→ About this exercise
Under this line is some data; print exactly the lines from the one containing "10°ずつの目盛りを付けたので検証しやすいと思う。" through its last line, without pictures.

_____

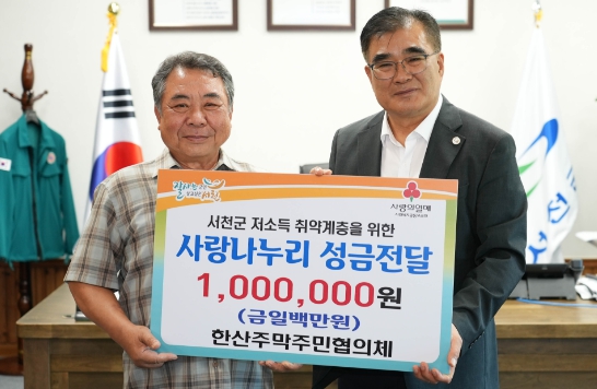 [뉴스서울] 한산주막주민협의체는 지난 24일 서천군을 찾아 저소득 취약계층을 위해 써달라며 성금 1백만원을 기탁했다.
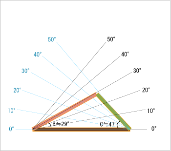 10°ずつの目盛りを付けたので検証しやすいと思う。
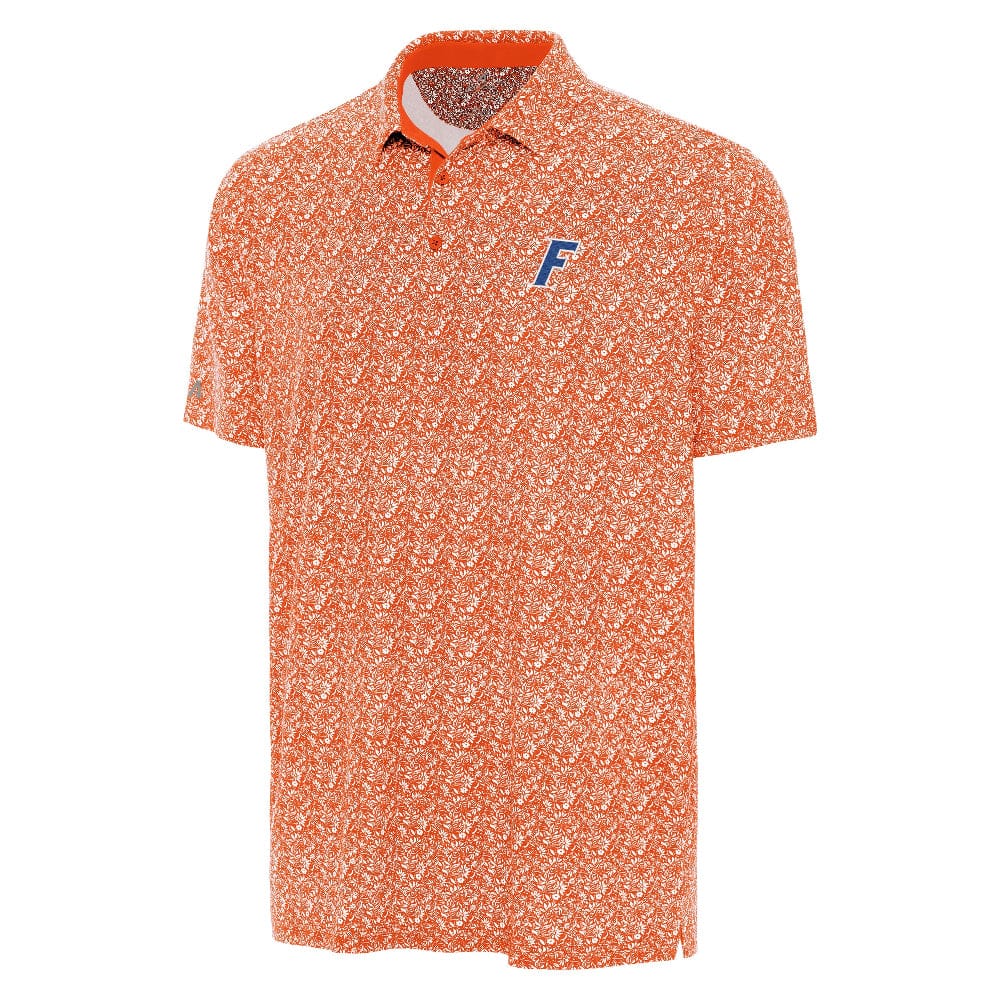 The Florida Gators Athletic F Logo Lainthus Polo features a subtle all-over print in team orange with an embroidered royal blue vault logo. Designed with unmistakable Gators pride, this performance polo is perfect for showing your team spirit on game day, the golf course, or wherever you represent Gator Nation. Go Gators!
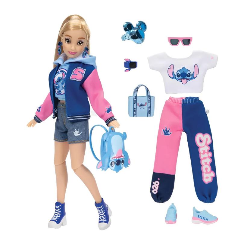 Com roupas em tons vibrantes, a boneca Stitch rosa e azul é puro estilo tropical para brilhar nas passarelas da imaginação.
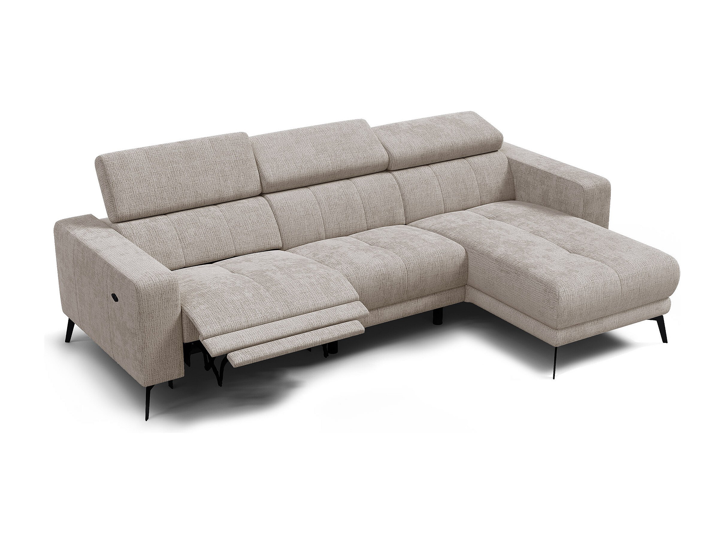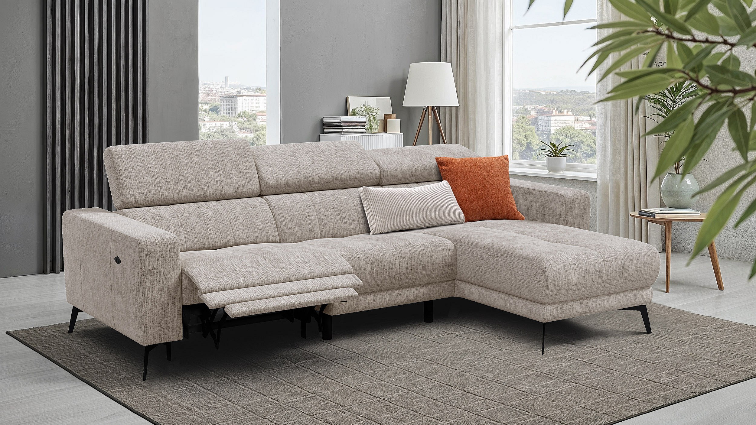 Canapé d'angle 4 places MORELLO avec 1 x Relax Zero Gravity, tissu beige
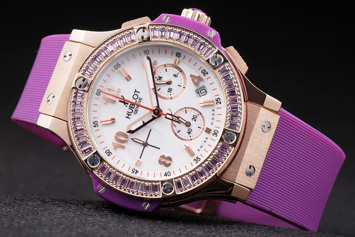 Case: Polírozott 18k rózsa aranyozott rozsdamentes acél tok : texturált lila gumiszalag rose-gold nyomógombos csattal horog és Hublot metszetek katalógusa karkötő hossza: 160 x 21 mm katalógusa keret: lila kristály kivert csiszolt 18k rose-gold becsavarva előlap katalógusa sáv Típus: gumi
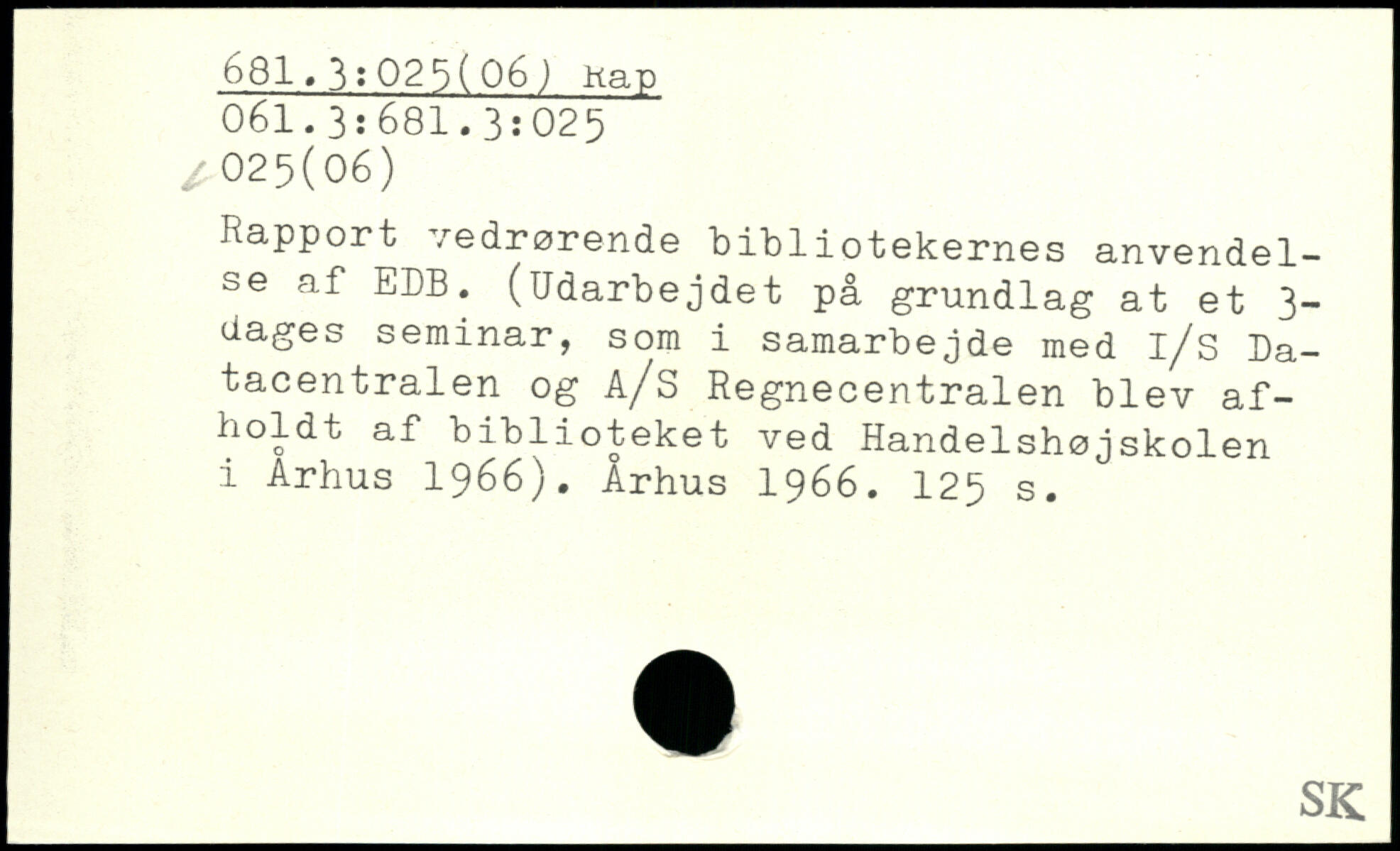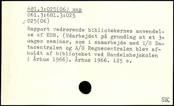 Rapport vedrørende bibliotekernes anvendelse af EDB. (Udarbejdet på grundlag at et 3-dages seminar, som i samarbejde med i/s Datacentralen og å/S Regnecentralen blev afholdt af biblioteket ved Handelshøjskolen i Arhus 1966). Århus 1966.
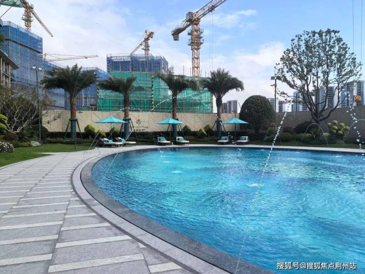 园林打造,是非常经典的滨江风,「蓝宝石」戏水池非常点睛,摆上吧台座椅,就像一个高级的「露天会客厅」。
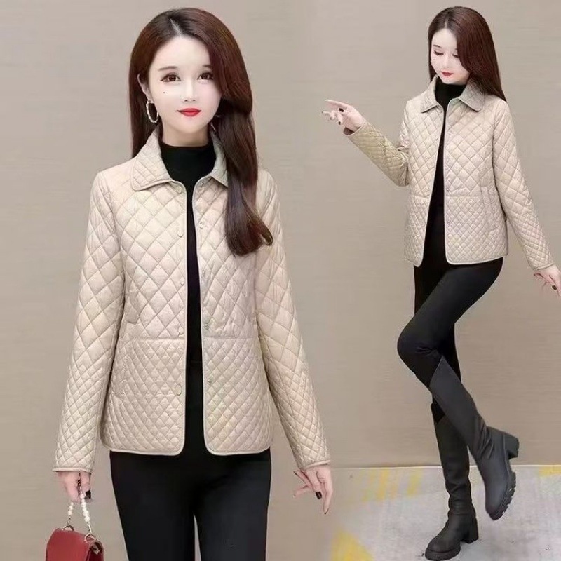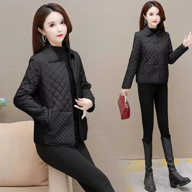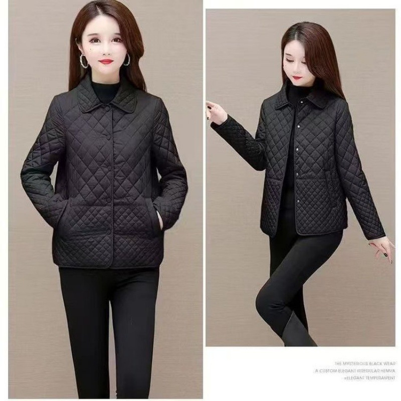 2024 ромбовидная клетчатая куртка хлопчатобумажная куртка женская осень-зима новая мама свободная повседневная легкая маленькая хлопчатобумажная куртка прилив
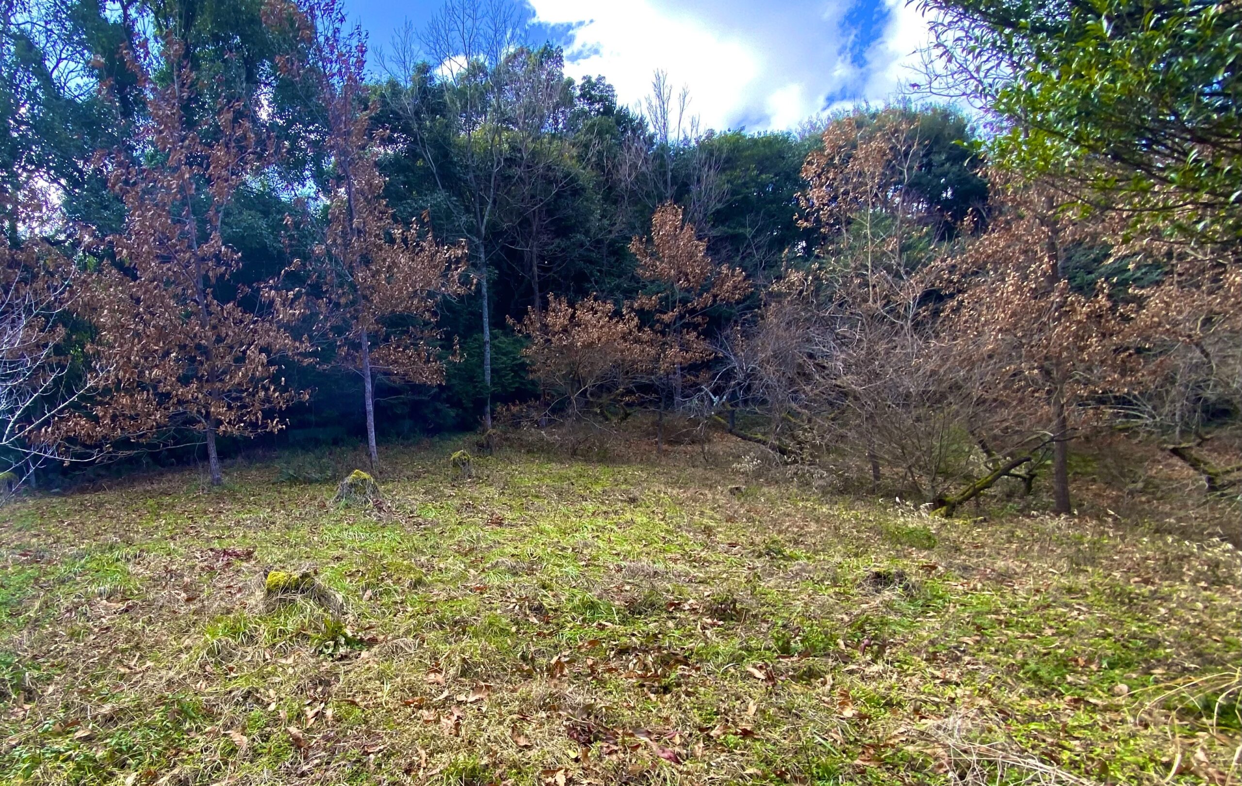 成竹地区の集落から林道を車で進むこと数分。成竹山の麓あたりに今回の土地があります。 まず出迎えてくれたのは、約1,500坪という広大な敷地。入口から続く梅林とススキの小道を進み、ゆるやかな傾斜を登った先には、ふと足を止め …

_____

→ Written response
 10°ずつの目盛りを付けたので検証しやすいと思う。
 The Florida Gators Athletic F Logo Lainthus Polo features a subtle all-over print in team orange with an embroidered royal blue vault logo. Designed with unmistakable Gators pride, this performance polo is perfect for showing your team spirit on game day, the golf course, or wherever you represent Gator Nation. Go Gators!
 Com roupas em tons vibrantes, a boneca Stitch rosa e azul é puro estilo tropical para brilhar nas passarelas da imaginação.
 Canapé d'angle 4 places MORELLO avec 1 x Relax Zero Gravity, tissu beige
 Case: Polírozott 18k rózsa aranyozott rozsdamentes acél tok : texturált lila gumiszalag rose-gold nyomógombos csattal horog és Hublot metszetek katalógusa karkötő hossza: 160 x 21 mm katalógusa keret: lila kristály kivert csiszolt 18k rose-gold becsavarva előlap katalógusa sáv Típus: gumi
 Rapport vedrørende bibliotekernes anvendelse af EDB. (Udarbejdet på grundlag at et 3-dages seminar, som i samarbejde med i/s Datacentralen og å/S Regnecentralen blev afholdt af biblioteket ved Handelshøjskolen i Arhus 1966). Århus 1966.
 园林打造,是非常经典的滨江风,「蓝宝石」戏水池非常点睛,摆上吧台座椅,就像一个高级的「露天会客厅」。
 2024 ромбовидная клетчатая куртка хлопчатобумажная куртка женская осень-зима новая мама свободная повседневная легкая маленькая хлопчатобумажная куртка прилив
 成竹地区の集落から林道を車で進むこと数分。成竹山の麓あたりに今回の土地があります。 まず出迎えてくれたのは、約1,500坪という広大な敷地。入口から続く梅林とススキの小道を進み、ゆるやかな傾斜を登った先には、ふと足を止め …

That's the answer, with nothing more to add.